DIRECTIONS FOR THIS TASK:
Transcribe only the lines in the data below falling between the line with "red, black side" and the line with "4.生产中常见的故障(一) 产量低 出现产品量少的情况一般分析如下: A.导风叶片角度不理想。", including those two lines, and leave out any picture.

EXERCISE INPUT:
◇ ◇ ◇

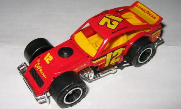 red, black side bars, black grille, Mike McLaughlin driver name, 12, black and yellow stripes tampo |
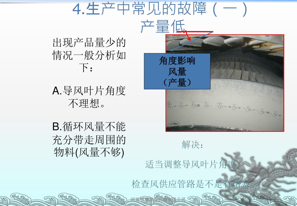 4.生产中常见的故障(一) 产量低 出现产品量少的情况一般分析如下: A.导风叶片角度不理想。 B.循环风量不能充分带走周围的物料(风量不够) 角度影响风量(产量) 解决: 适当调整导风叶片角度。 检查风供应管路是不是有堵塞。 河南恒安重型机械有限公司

◇ ◇ ◇

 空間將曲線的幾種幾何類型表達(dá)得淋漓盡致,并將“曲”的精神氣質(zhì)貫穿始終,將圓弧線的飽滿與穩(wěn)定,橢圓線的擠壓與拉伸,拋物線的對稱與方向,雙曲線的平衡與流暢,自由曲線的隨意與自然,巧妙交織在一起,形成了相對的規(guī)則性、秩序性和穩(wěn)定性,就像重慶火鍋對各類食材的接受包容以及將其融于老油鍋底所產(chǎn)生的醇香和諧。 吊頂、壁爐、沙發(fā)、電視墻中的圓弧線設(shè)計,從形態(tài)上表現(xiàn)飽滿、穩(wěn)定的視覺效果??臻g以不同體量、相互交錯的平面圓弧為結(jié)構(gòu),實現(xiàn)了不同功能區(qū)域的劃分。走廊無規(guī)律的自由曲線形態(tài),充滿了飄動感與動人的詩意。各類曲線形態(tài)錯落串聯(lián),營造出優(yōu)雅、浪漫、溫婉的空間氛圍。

◇ ◇ ◇

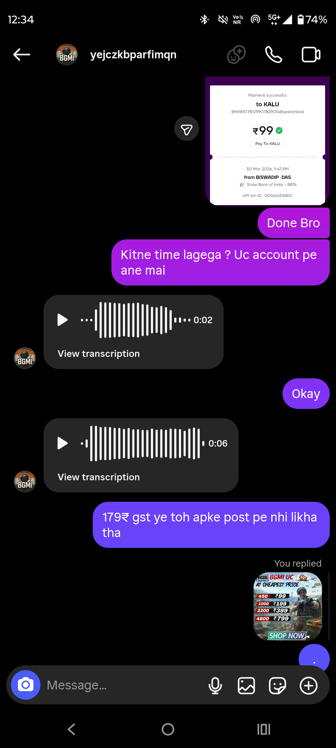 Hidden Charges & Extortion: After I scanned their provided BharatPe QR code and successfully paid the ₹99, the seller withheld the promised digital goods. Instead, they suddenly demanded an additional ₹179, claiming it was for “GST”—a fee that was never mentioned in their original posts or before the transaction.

◇ ◇ ◇

TASK RESPONSE:
 red, black side bars, black grille, Mike McLaughlin driver name, 12, black and yellow stripes tampo |
 4.生产中常见的故障(一) 产量低 出现产品量少的情况一般分析如下: A.导风叶片角度不理想。 B.循环风量不能充分带走周围的物料(风量不够) 角度影响风量(产量) 解决: 适当调整导风叶片角度。 检查风供应管路是不是有堵塞。 河南恒安重型机械有限公司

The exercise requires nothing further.